*Task to carry out*
Restate the lines word for word, from the first line of the records through the line containing "REALTREE Snapback Outdoor". Leave out the pictures and anything after that line.

◇ ◇ ◇ ◇ ◇ ◇ ◇

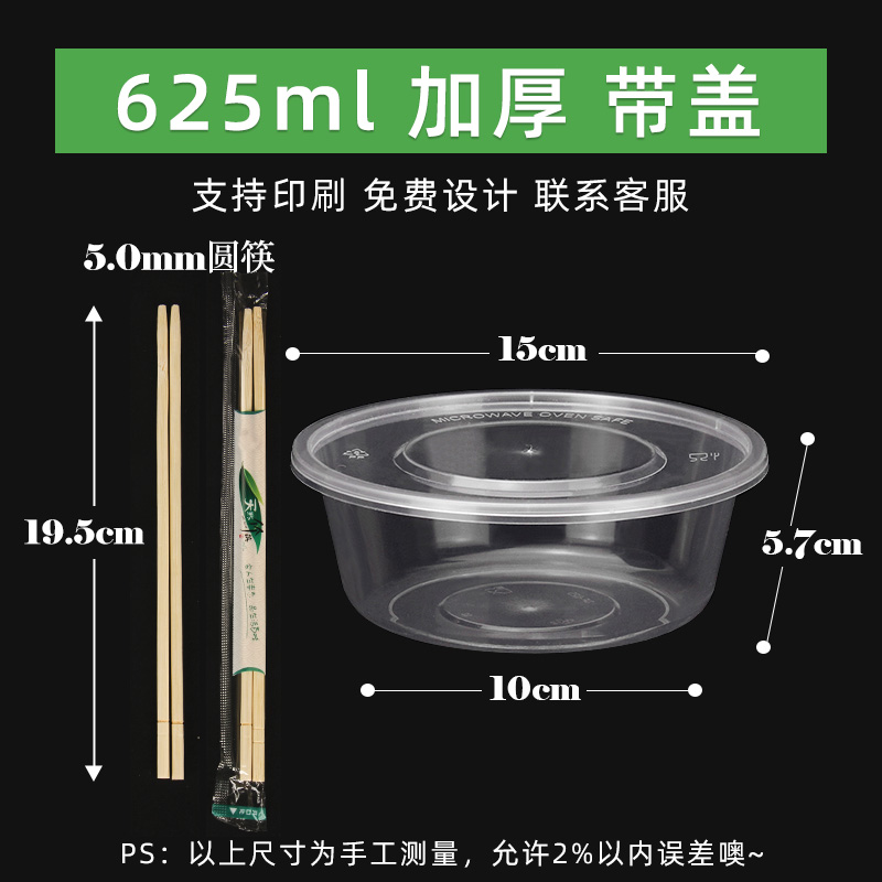 • 원형 625ml 투명 [뚜껑 포함 50세트] + 젓가락 50쌍♜♜
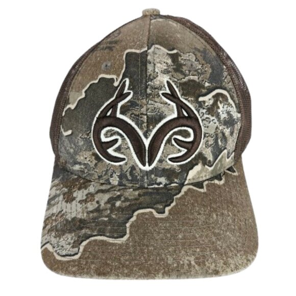 REALTREE Snapback Outdoor Cap Trucker Hat Classic Cap Brown Camo Mesh Antlers
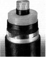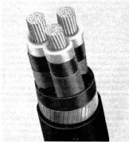 Рис. 2. Трехжильный кабель СПЭ 4. Особенности монтажа силовых кабелей с изоляцией из сшитого полиэтилена1) Прокладка кабелей с изоляцией из сшитого полиэтилена рекомендуется при температуре окружающей среды не ниже 0 °С. Допускается прокладывать кабели с изоляцией СПЭ без подогрева при температуре окружающей среды не ниже -15 °С для кабелей с оболочкой из ПВХ и пластиката -20 °С для кабелей с оболочкой из полиэтилена. При более низких температурах окружающей среды кабель должен быть нагрет выдержкой в обогреваемом помещении не менее 48 ч или при помощи специального устройства до температуры не ниже 0 °С, при этом прокладка должна производиться в сжатые сроки (не более 30 минут). После прокладки кабель должен быть немедленно засыпан первым слоем грунта. Окончательную засыпку и уплотнение грунта производят после охлаждения кабеля. Прокладка кабелей при температуре окружающей среды ниже - 40 °С не допускается. 2) Минимальный радиус изгиба кабелей с изоляцией из сшитого полиэтилена при прокладке должен быть не менее 15Dн для одножильных и трехжильных кабелей и 12 Dh для трех скрученных вместе одножильных кабелей, где Dh - наружный диаметр кабеля или диаметр по скрутке для трех скрученных вместе одножильных кабелей. При тщательном контроле изгиба, например, применением соответствующего шаблона, допускается уменьшение радиуса изгиба кабеля до 8Dh. При этом рекомендуется подогрев кабеля в месте изгиба до температуры 20 °С. 3) Размотка кабеля с изоляцией из сшитого полиэтилена с барабана должна производиться при применении необходимого количества проходных и угловых роликов. Применяемый метод размотки должен обеспечивать целостность кабеля. Во время прокладки тяжение кабелей СПЭ должно осуществляться при помощи натяжного стального чулка, наложенного на наружную оболочку, или за токопроводящую жилу при помощи клинового захвата. Усилия, возникающие во время тяжения кабеля с изоляцией из сшитого полиэтилена с многопроволочной алюминиевой жилой, не должны превышать 30 Н/мм2 номинального сечения жилы, кабеля с однопроволочной алюминиевой жилой (с маркировкой «ож») - 25 Н/мм2, кабеля с медной жилой - 50 Н/мм2. Если одновременно прокладываются три одножильных кабеля с одним общим стальным чулком, при расчете усилия тяжения учитывают: - 1 номинальных сечения жилы, если кабели скручены вместе; - 2 номинальных сечения жилы, если кабели не скручены. Усилия тяжения кабеля при прокладке должны быть рассчитаны при проектировании кабельной линии и учтены при заказе кабеля. Тяговая лебедка должна быть оборудована устройствами, позволяющими контролировать усилие тяжения кабеля, регистрировать усилие тяжения в течение всего процесса тяжения кабеля и автоматически отключать тяговую лебедку, если усилие тяжения превысит допустимую величину. 4) Кабели с изоляцией из сшитого полиэтилена СПЭ следует укладывать с запасом по длине 1¸2 %. В траншеях и на сплошных поверхностях внутри зданий и сооружений запас создается путем укладки кабеля «змейкой», а по кабельным конструкциям (кронштейнам) этот запас создается образованием стрелы провеса. Укладывать кабель в виде колец (витков) не допускается. 5) Металлические кабельные конструкции должны быть заземлены в соответствии с действующей документацией. 6) При прокладке кабельной линии кабели СПЭ трех фаз должны про
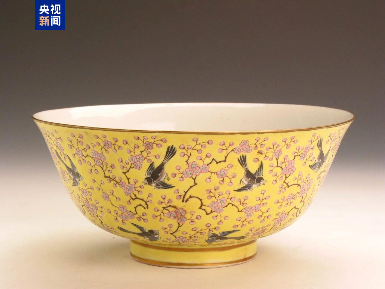△清同治款粉彩黄地梅鹊大碗 沈阳故宫博物院藏
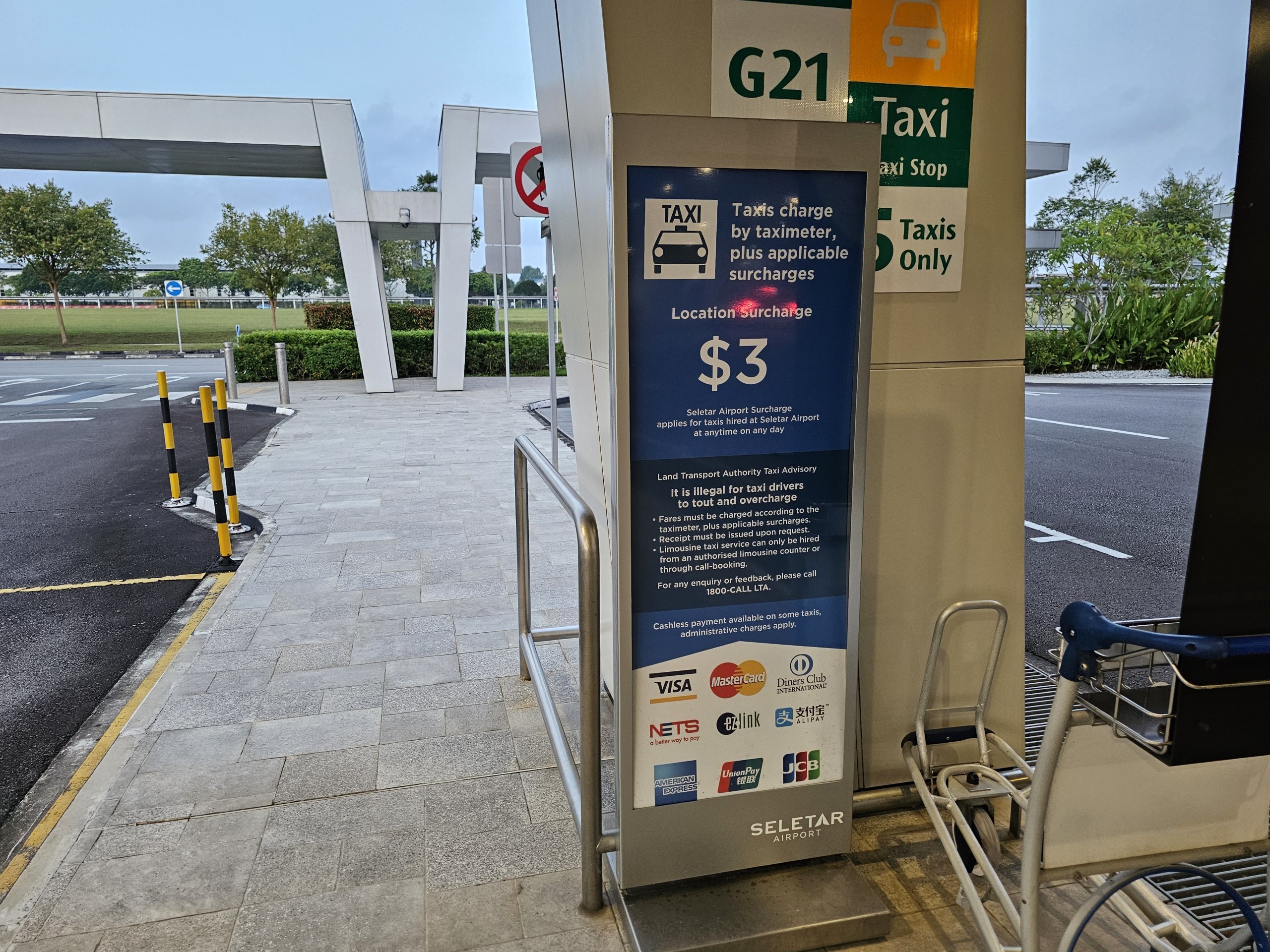 A tarifa de táxi para o centro da cidade é sempre calculada com precisão de acordo com o taxímetro, com uma taxa adicional de 3 sgd para a viagem de/para o aeroporto.
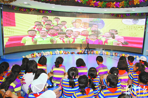 6月1日,四川雅安四小的校长谢建民通过视频连线,向远在北京参加未来网组织的“56个民族少年儿童心系雅安·相约中国梦”手拉手主题活动的少年儿童代表介绍学校灾后恢复上课情况。这些少年儿童代表5月31日还在北京奥体公园广场的百米长卷上写下了对雅安灾区小朋友们深深的祝福和自己心中的中国梦。
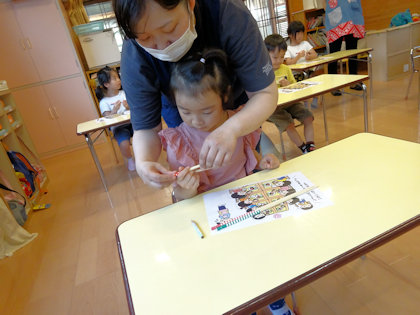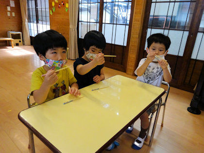 お皿の上にある小さなものを箸でつまんで移し替える練習をしました。みんな上手につまめていました😊
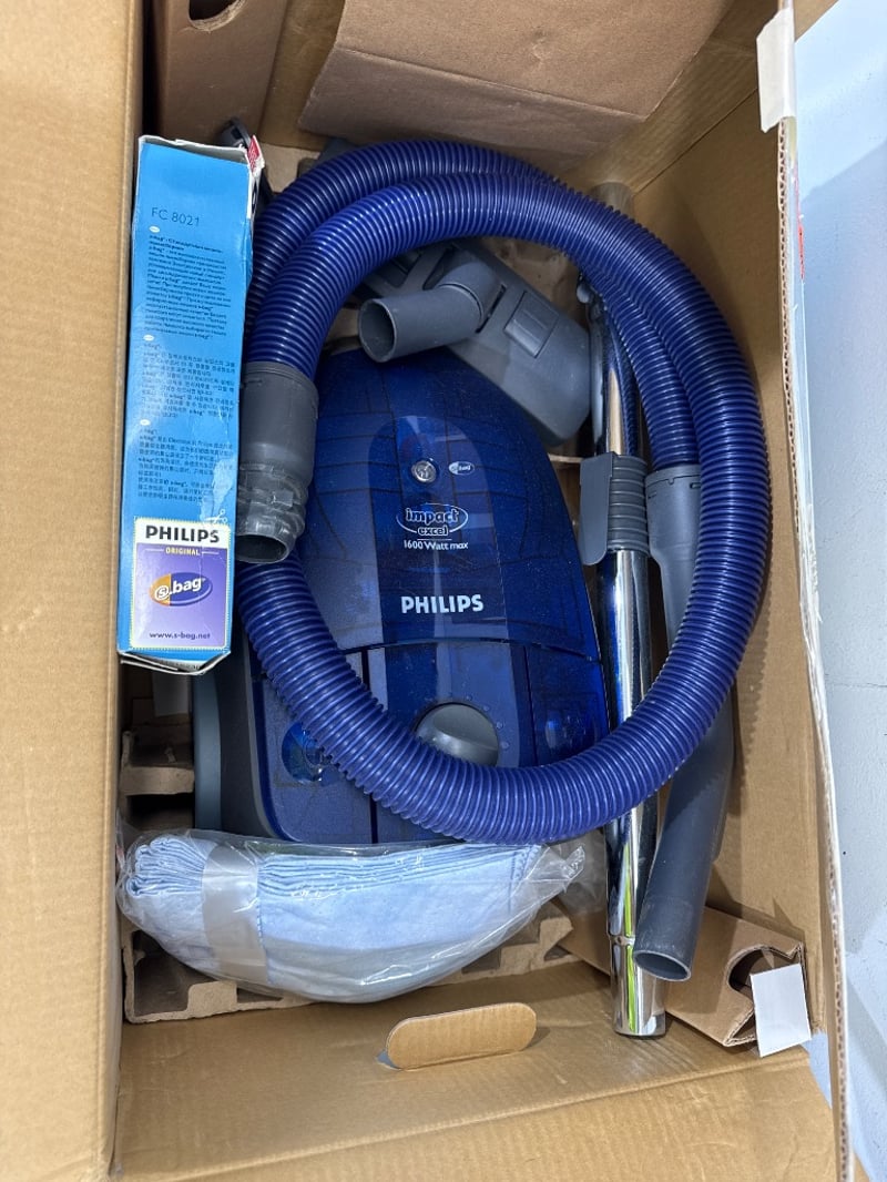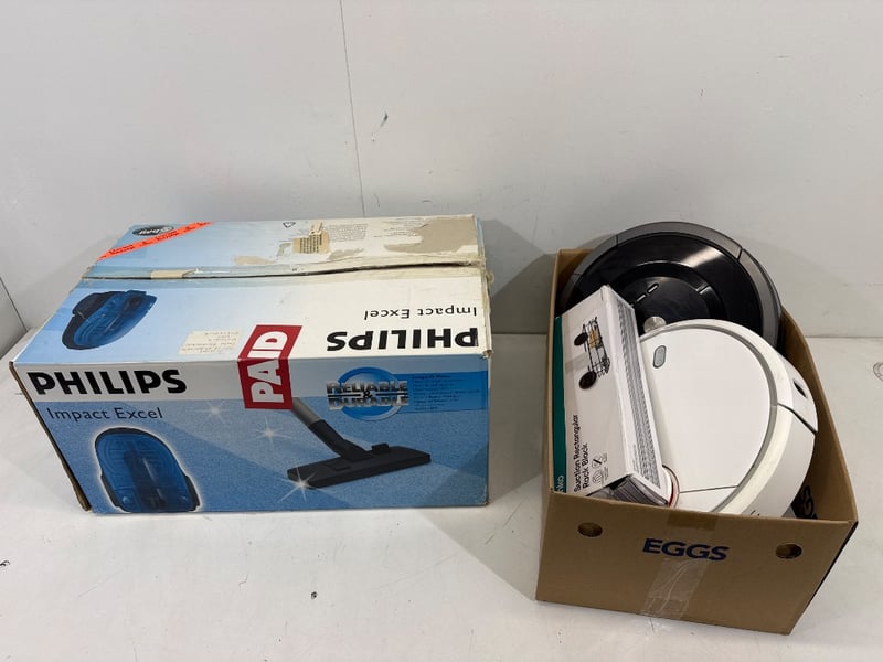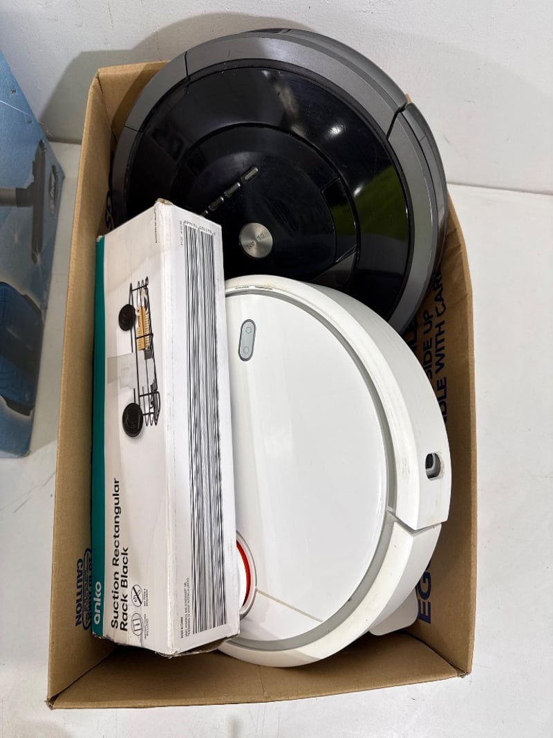 House Cleaning accessories, brands are Philips, Anko ect. Items include robot vacuums, suction rectangular rack and vacuum cleaner. Quantity: 2 boxes, sold as lot

◇ ◇ ◇ ◇ ◇ ◇ ◇

*Exercise solution*
 • 원형 625ml 투명 [뚜껑 포함 50세트] + 젓가락 50쌍♜♜
 REALTREE Snapback Outdoor Cap Trucker Hat Classic Cap Brown Camo Mesh Antlers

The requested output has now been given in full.